A Focus on Transcription Tools

DRI’s Software Engineer, Dr Kathryn Cassidy was recently joined by Dr Ciarán Wallace of Beyond 2022 to present on the topic of ‘transcription tools’ at our monthly members’ Virtual Coffee Morning. This virtual get-together was a great success, so we asked them to share a few more thoughts with us.

An interview with DRI Software Engineer, Dr Kathryn Cassidy and Deputy Director of Beyond 2022: Ireland’s Virtual Record Treasury, Dr Ciarán Wallace

DRI: Thank you both for joining us for our Coffee Morning. Your talks on the topic of ‘transcription tools’ attracted an impressive audience. Why do you think that transcription tools are particularly interesting to people?

KC: I think when you transcribe handwritten material you are, in a way, unlocking the information hidden within it. To catalogue these materials and make them findable, you need to add some metadata about the content of the document. What’s it about? Who is mentioned in the text? Does it relate to a particular place? And so on. If you have a series of handwritten letters, for example, you might already know the recipient and an approximate date range when the letters must have been written, but that’s rarely going to be enough for a researcher or other user to find letters that are of interest to them. So, traditionally someone would have had to read those letters, manually transcribe them, and add the keywords from the letters to the metadata. That’s a very labour-intensive process, but now we have a range of new technologies and initiatives that help to reduce the labour involved in transcribing handwritten texts. The same applies to the transcription of audio and video recordings. Having a transcription in an electronic text format allows for the content of these artefacts to be searched directly, or for other computational processes to be run on the texts.
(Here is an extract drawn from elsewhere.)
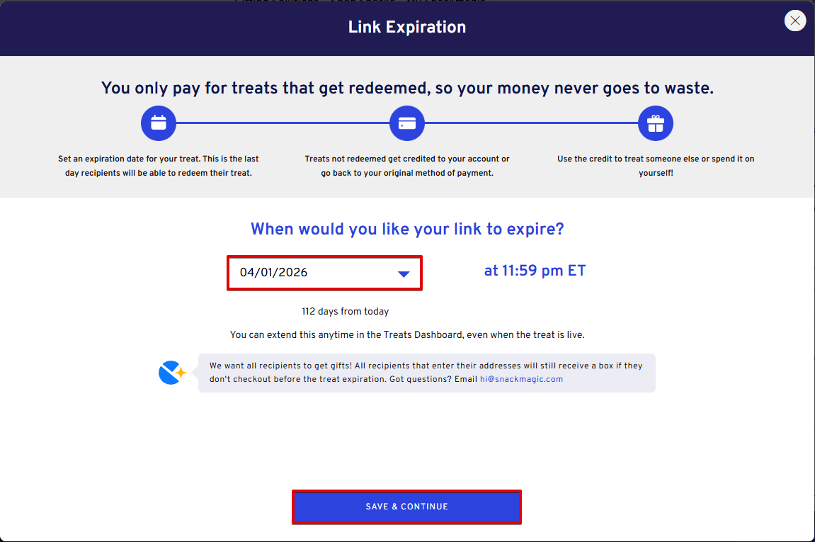 - Indicate a date when you want the order link to expire. This will be the last day that your recipients are allowed to redeem the treat.

It also makes the objects more accessible for humans. Screen reader applications can automatically read the content of handwritten documents for people who have trouble reading the text, or if someone has trouble hearing or understanding an audio recording, they might find the transcription more accessible. There are really a lot of benefits to providing transcriptions for digital objects including handwritten text, audio, and video.

DRI: Thanks, Kathryn. Ciarán, you work on the Beyond 2022 project. Could you tell us a bit about the project and the importance of transcription in the project?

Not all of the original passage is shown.